# Smoking and reheating pork loin



## sirchad (Aug 26, 2014)

Planning ahead for a larger than normal smoke for labor day.  I'm gonna do about 10 pork loins for a party.  I'm wondering if I can smoke them the night before or the morning of the party and have them for supper around 6.  Is there a preferred way to reheat, or keep these pork loins warm??


----------



## oldschoolbbq (Aug 26, 2014)

Sirchad , first welcome to our forum . WE hope you find it a new home for all your smoking news and info.

Your Loins will a snap. IMHO , I would take them to 165*F and set back for later. This will have them at Med. and a re-heating won't harm them (make them tough and over cooked).

You can put them in Vac bags and heat in boiling water , OR serve them as coldcut Sammies. . Good on a Summer's day. Add some Libations and Pop for the Kids and your party is set.

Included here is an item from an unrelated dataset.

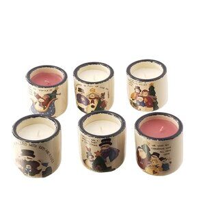 Votives Snowman Family Friends Candle Crocks AND Candles Merry Christmas Set
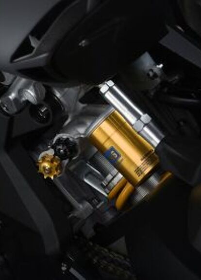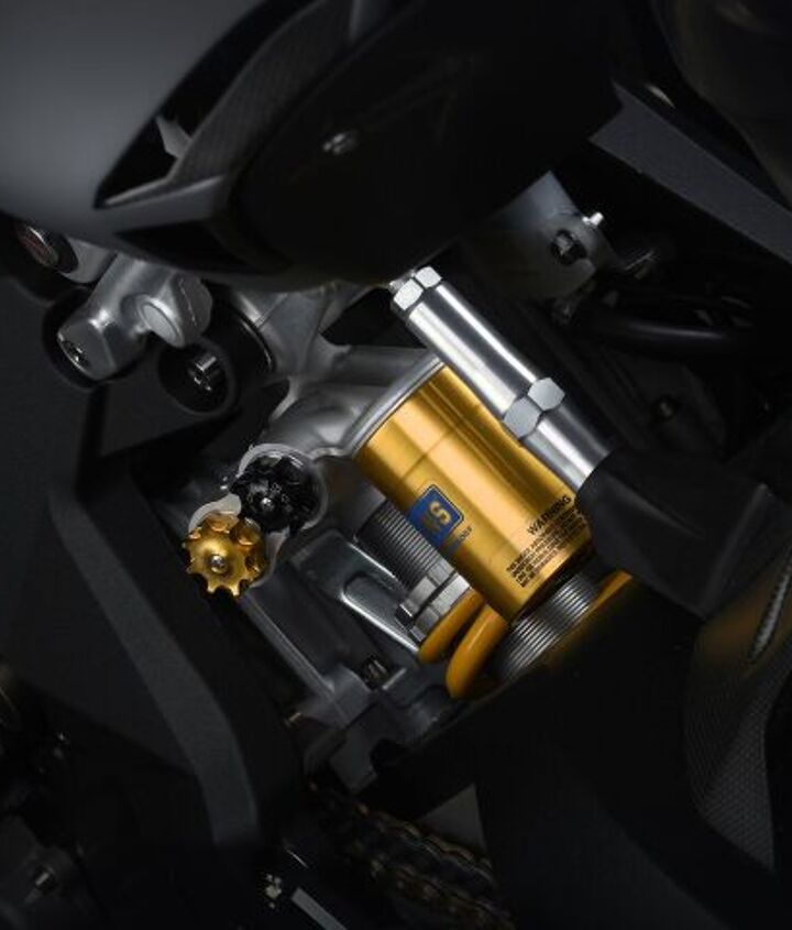 Top-drawer Öhlins shock absorbers provide maximum performance on both road and track. The USD NIX 30 TiN-coated 43 mm diameter fork features separate manual adjustment of compression (left side) and rebound (right side) and also allows adjustment of spring pre-load. In addition to outstanding technical characteristics, the fork on the

Hope you have a happy party ,oh,yes, if you don't already have one, get a decent Therm. . You'll be glad you did. You have time, order from Todd. 
	

	
	
		
		



		
			






Later. . .


----------



## sirchad (Aug 26, 2014)

Thanks for the tip.  I'm set on the thermometers!  Never have done a smoke and waited to eat what I've made for more than a few minutes!! lol


----------